The typical scenario in which TLS is used in Windows is within a dynamic-linked library (DLL), but this is not its only possible use. In the case of the DLL scenario, the use of TLS includes the following details:

  • When a DLL attaches to a process, the DLL uses TlsAlloc to allocate a TLS index. The DLL then allocates some dynamic storage to be used exclusively by the initial thread of the process. It uses the TLS index in a call to the TlsSetValue function to store the address in the TLS slot. This concludes the per-thread initialization for the initial thread of the process. The TLS index is stored in a global or static variable of the DLL.

  • Each time the DLL attaches to a new thread of the process, the DLL allocates some dynamic storage for the new thread and uses the TLS index in a call to TlsSetValue to store the address in the TLS slot. This concludes the per-thread initialization for the new thread.

  • Each time an initialized thread makes a DLL call requiring the data in its dynamic storage, the DLL uses the TLS index in a call to TlsGetValue to retrieve the address of the dynamic storage for that thread.

The following functions are used to manage TLS in UNIX and Windows:

  • Allocating memory. In the Windows environment, the TlsAlloc function allocates a TLS index. A TLS index is used by a thread to store and retrieve values that are local to the thread. The minimum number of indexes available to each process is defined by TLS_MINIMUM_AVAILABLE. TLS indexes are not valid across process boundaries. The prototype of the function is as follows:

    DWORD TlsAlloc(void);

    In the UNIX environment, pthread_key_create creates a thread-specific data key visible to all the threads in the process. Upon key creation, the value NULL is associated with the new key in all active threads. An optional destructor function may be associated with each key value. The prototype of the function is as follows:

    Note: The line has been split into multiple lines for readability.However, while trying it out on a system you must enter it as one line without breaks.

    int pthread_key_create(pthread_key_t *key,
  •                        void   (*destructor, void*));
  • Deleting memory. In the Windows environment, TlsFree releases a TLS index. This, however, does not release the data allocated and set in the TLS index slot. The prototype of the function is as follows:

    BOOL TlsFree(DWORD dwTlsIndex);

    In the UNIX environment, the pthread_key_delete function deletes the thread-specific data key.
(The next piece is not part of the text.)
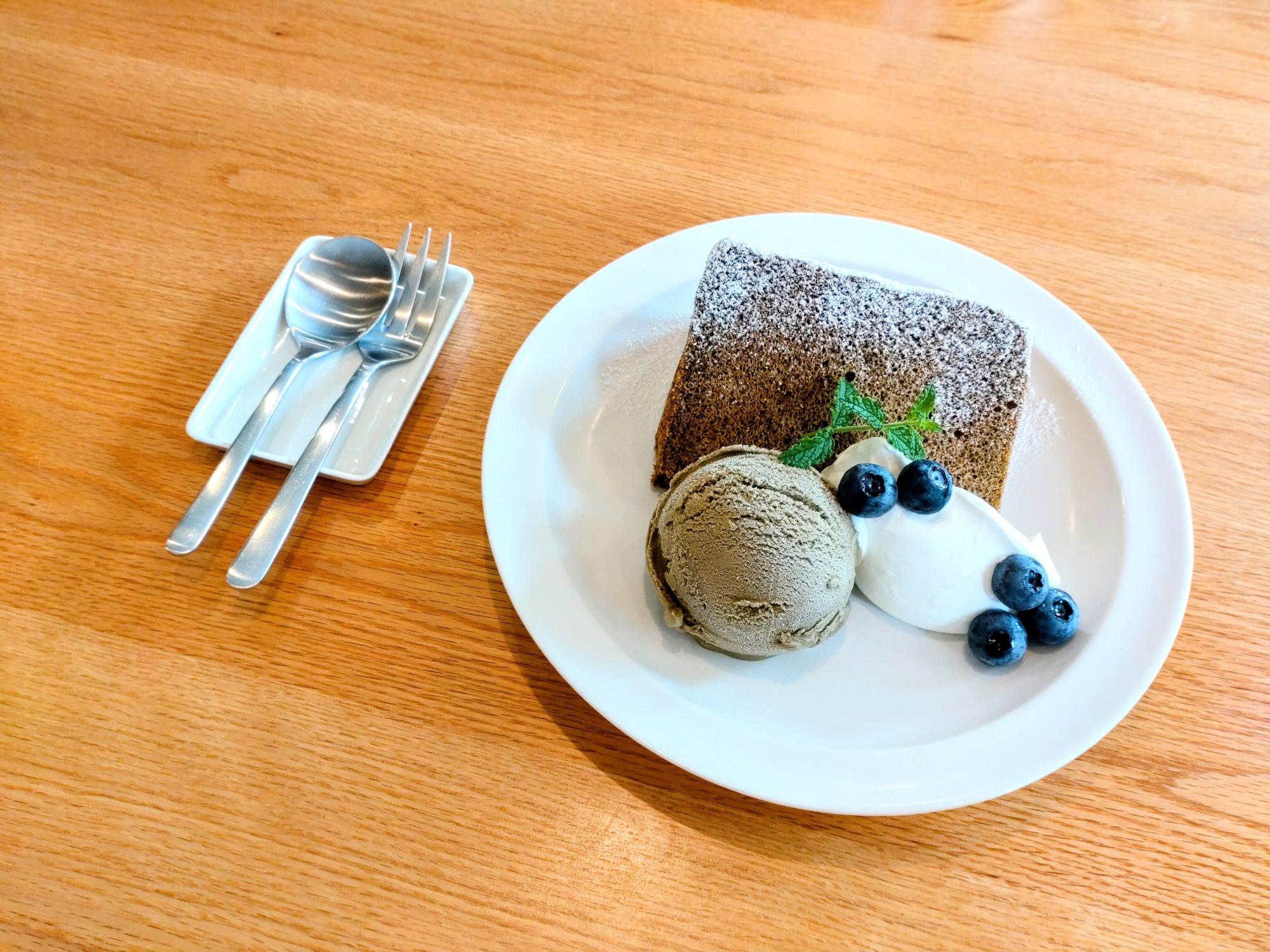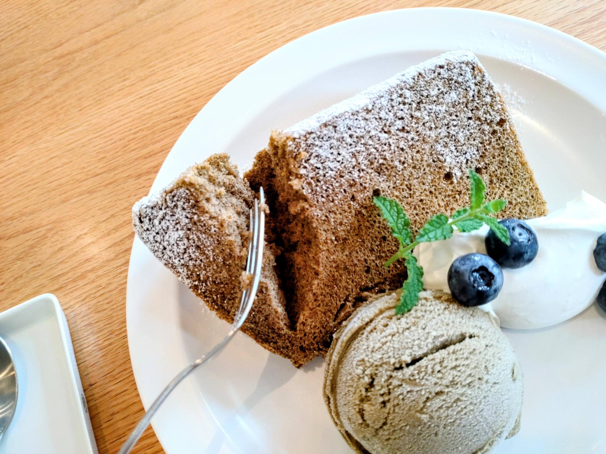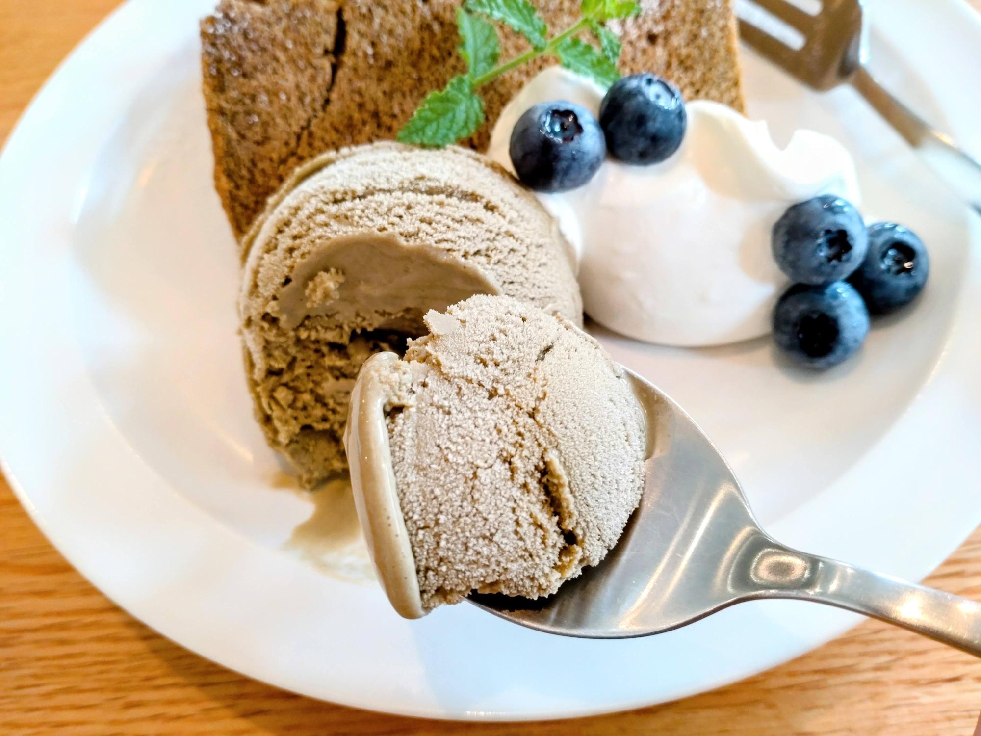 ほうじ茶のシフォンケーキ、ほうじ茶のジェラートと、ほうじ茶尽くしが嬉しい一品。

    int pthread_key_delete(pthread_key_t key);
  • Storing a value. In the Windows environment, the TlsSetValue function stores memory in a TLS index. The prototype of the function is as follows:

    BOOL TlsSetValue(DWORD dwTlsIndex, LPVOID lpTlsValue);

    In the UNIX environment, the pthread_setspecific function associates a thread-specific value with the key. The prototype of the function is as follows:

    int pthread_setspecific(pthread_key_t key, const void *value);

  • Retrieving a value. In the Windows environment, the TlsGetValue function returns a memory element stored in a specified TLS index. The prototype of the function is as follows:

    LPVOID TlsGetValue(DWORD dwTlsIndex);

    In the UNIX environment, the pthread_getspecific function returns the values currently bound to the specific key. The prototype of the function is as follows:

    void *pthread_getspecific(pthread_key_t key);

Note Additional information is available at
http://msdn.microsoft.com/library/en-us/winprog/winprog/windows_api_reference.asp.

Thread Local Storage (TLS) Example

The following section shows a portion of an example application. It illustrates allocation and access to a memory space on a per-thread basis. First, the main thread of the process allocates a memory slot. The memory slot is then accessed and modified by a child thread. If several instances of the thread are active, each thread procedure will have a unique TLS index value to ensure the separation and isolation of data and state.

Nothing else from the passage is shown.